Mystery? What mystery? What could possibly be mysterious about a place where anyone can go? There’s no need to peek at someone else’s photos of it, as if through your fingers from behind the sofa. If you want to know what goes on up at t’crem, stride boldly in and ask if you can have a look. They’ll be pleased to show you.

That the business end of a crem should be capable of being reckoned a mystery serves to illustrate the euphemistic way we burn the bodies of our dead. At the moment of committal the curtains slowly close in front of the coffin. It’s a high-drama ritual which normally elicits sharp sobs, cries, even, from the congregation. If you’re the celebrant, trust me, you feel a bit like an executioner as you push the button on the lectern. People’s uninformed imaginations then conjure up all sorts of outlandish pictures of what happens next.

If only they knew the bathetic truth: that the coffin sits there patiently until everyone’s gone, and may not be cremated for several hours.

There’s no mystery for Sikhs about what happens behind the scenes: they customarily go and witness the coffin going into the cremator (or furnace, as the Guardian has it; a term somewhat discredited by the Nazi death camps). There is no mystery, either, for those too-few others who wish to see the process through; who need to see that everything is done properly. The last time I, as a celebrant, arranged this, for three brothers (who had previously stood behind the lectern and, together, pushed the button) the crematorium technician had kindly and thoughtfully allowed the cremator to cool sufficiently so that the coffin containing their mother did not spontaneously combust as it went in.

Ms Peters’ photos are not especially revealing, truth to tell. But pic number 3 is very alarming: it shows lots of empty coffins standing on their feet. So it’s true, is it? They do pull the dead people out of them before they burn them, and re-use them? That’s terrible!
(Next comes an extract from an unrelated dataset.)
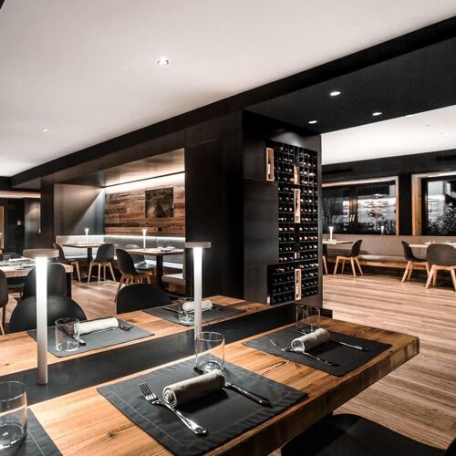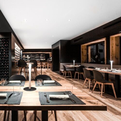 A minimalist-style restaurant featuring a wood decor, an extensive display of bottles, and some windows boasting partial yet splendid views of the Dolomites. The chef here prepares creative cuisine using local ingredients alongside produce sourced from other regions. The wine list includes a wide selection of natural wines.

Further research reveals that Ms Peters has actually also photo-ed another mystery no-go area: behind the scenes in a funeral home — the coffin store and the mortuary. Hmmn, it’s really a very clean mortuary. And look, the funeral director is wearing rubber gloves. Full marks, chaps. Things are not ever thus, not in every mortuary by any means.

The real mystery, it seems to me, is that the place where a dear, dead person is cared for and kept should be reckoned a mystery. It’s only a mystery because people dare not ask to see.

Is that really so surprising?

Yes, when they gaze instead on Ms Peters’ photos.

If you want a much more graphic and informative picture of what goes on behind the scenes at a crematorium, have a look at this clip from the Australian Museum Online. It could be anywhere in Britain.

Marking the spot

Do not stand at my grave and weep;
I am not there…

Here’s an instruction more honoured in the breach than the observance. These, the opening lines of one of Britain’s favourite funeral poems, highlight the contradiction inherent in our complex psychological need to mark the spot where the body or ash of a loved one is laid or strewn.

Most people, whether religious or atheist, agree that, wherever their dead person is now, he or she is not there, not at the spot that they memorialise. Yet still they feel, nevertheless, strongly impelled to mark that spot.

Can you explain this?

Dr Johnson asserted that “grief is a species of idleness”. If he was right – he was a lifelong depressive so he may have a point – then one remedy for grief is activity.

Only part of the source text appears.